80% of corporate employees will reveal sensitive company information over the phone; 33% will reveal information via e-mails

TAMPA, Fla. Nov. 10, 2005 - As many as 80 percent of corporate employees will disclose sensitive company or customer information to people they do not know over the telephone, and up to 33 percent will do the same via email, according to RavenEye, an information security consulting business.

Those numbers came to light when the company conducted a series of information security assessments for several US-based companies, according to Joseph Kirkpatrick, RavenEye's president.

While trusted employees are the major source of confidential corporate information leaks, Kirkpatrick said, most business leaders remain unaware of what goes on under their very noses.

"Business leaders are largely ignoring this catalyst for information leaks in their companies," Kirkpatrick said. "Human error is the common element in the information theft stories which have been a fixture in the 2005 headlines. Staff awareness and training for this threat lags behind the growing rate of phishing emails, pretext calls and on-site impersonations, which utilize many social engineering elements."

Kirkpatrick said his company conducted a series of information security assessments for a number of different companies. RavenEye information security specialists used social engineering techniques to convince corporate employees to share such critical information as network IDs and passwords, which could be used to obtain sensitive company data.

Social engineers prey upon the human emotions of fear, trust, kindness and greed to trick others into sharing critical secret information, Kirkpatrick said.

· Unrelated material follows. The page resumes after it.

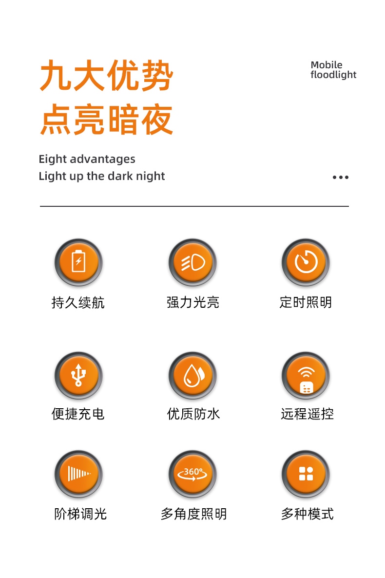 1、多档调光,可满足不同使用场景下的照明需求; 2、含提手,握感更舒适。携带更简单; 3、新型高亮远射灯珠,60W大功率,亮度高,照明效果好。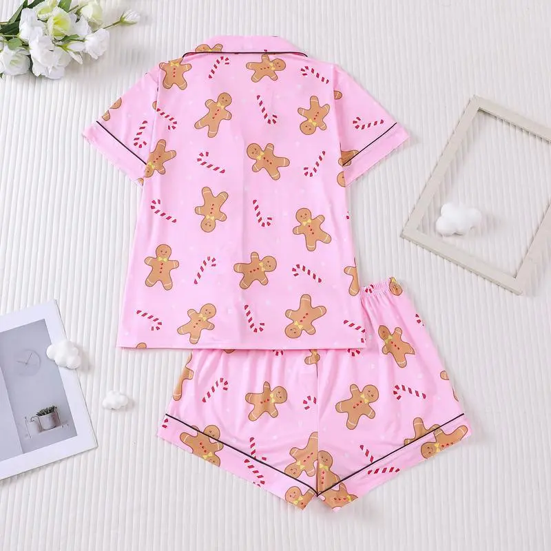 Women's Christmas Pajama Set Use this Women's Christmas Candy Cane Print Casual Pajama Set to welcome the holiday season. Set includes one top with pocket details and turn-down collar. It features short sleeves designed perfectly to deliver comfort. The matching shorts perfectly complement this outfit, making it especially great for wearing at home during the Christmas holiday. Stay warm and stylish during the festive season. Main Features : Great for home use: This Pajama Set Is Designed For Ultimate Relaxation At Home. Enjoy the comforts of your home during the Christmas season. This set combines practicality with festive spirit, ensuring you feel relaxed while celebrating.

Businesses will spend $45 billion worldwide on security technologies in 2006, according to a recent study by market reasearchers at IDC. But Kirkpatrick said technology alone will not addresss the risks that face corporate employees who, maliciously or unknowingly, provide access to an outsider seeking to circumvent the complicated security technologies protecting valuable information.

"Good security technology is available to companies, and they should have it in place," Kirkpatrick said. "But the most serious threat comes from the human factor. Curiously, that is the part of the equation that businesses continue to pay little attention to."

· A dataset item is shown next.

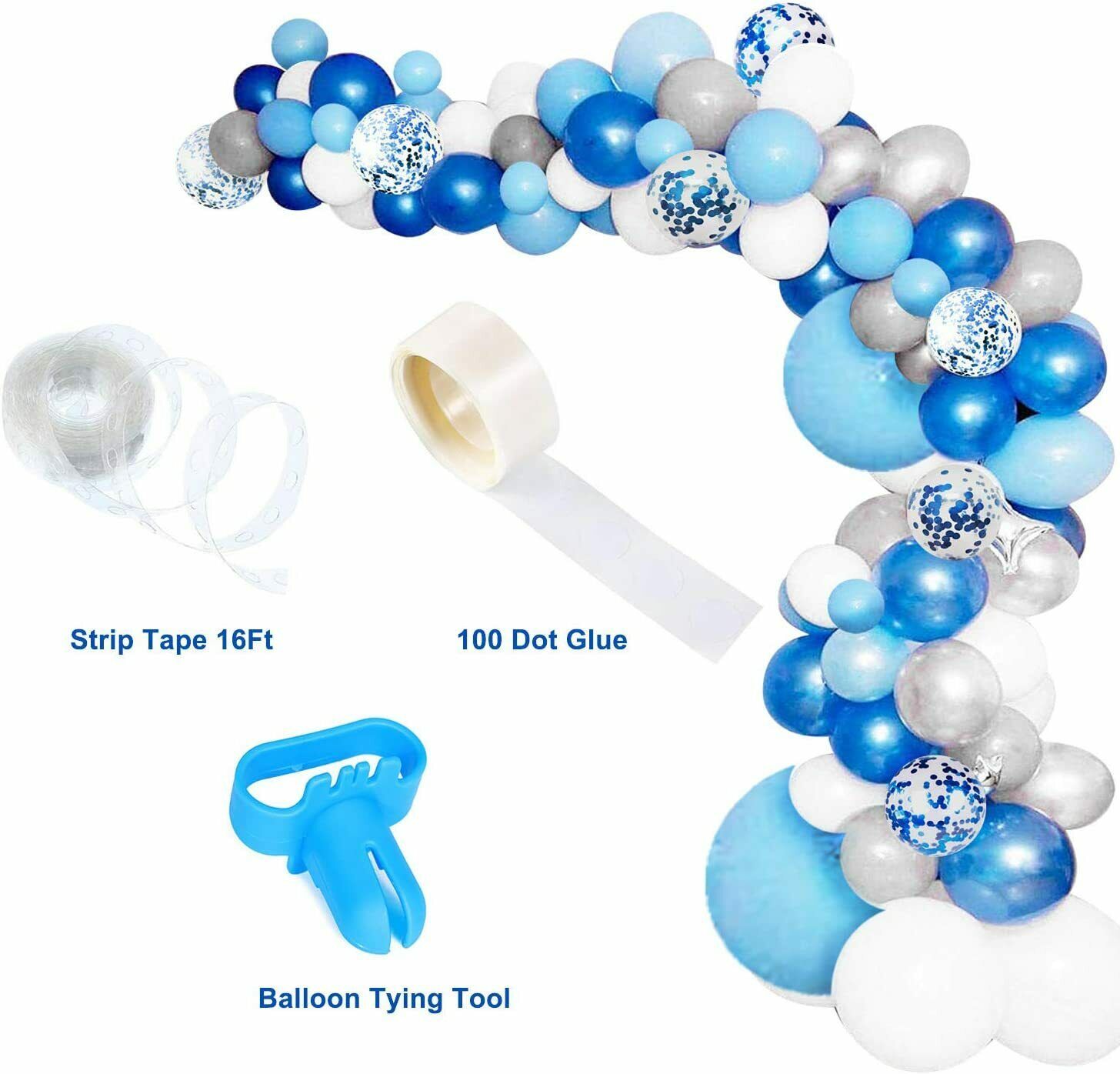 Blue, white, silver and confetti balloons package kit super easy to make BALLOON GARLAND or ARCH looks gorgeous. Assembled easily, the air will stay in balloons for along time at least 7 days. Please follow the specification to make garland or arch inside the packages.

About RavenEye, based in Tampa, Fla., provides information security consulting services for businesses seeking to verify compliance wtih federal and state information security laws. Internal policies and procedures are put to the test during real-world attacks on the company’s sensitive information. Certified information security professionals pose as outsiders and/or employees to conduct assessments that will analyze the company's response during an attempt to steal information.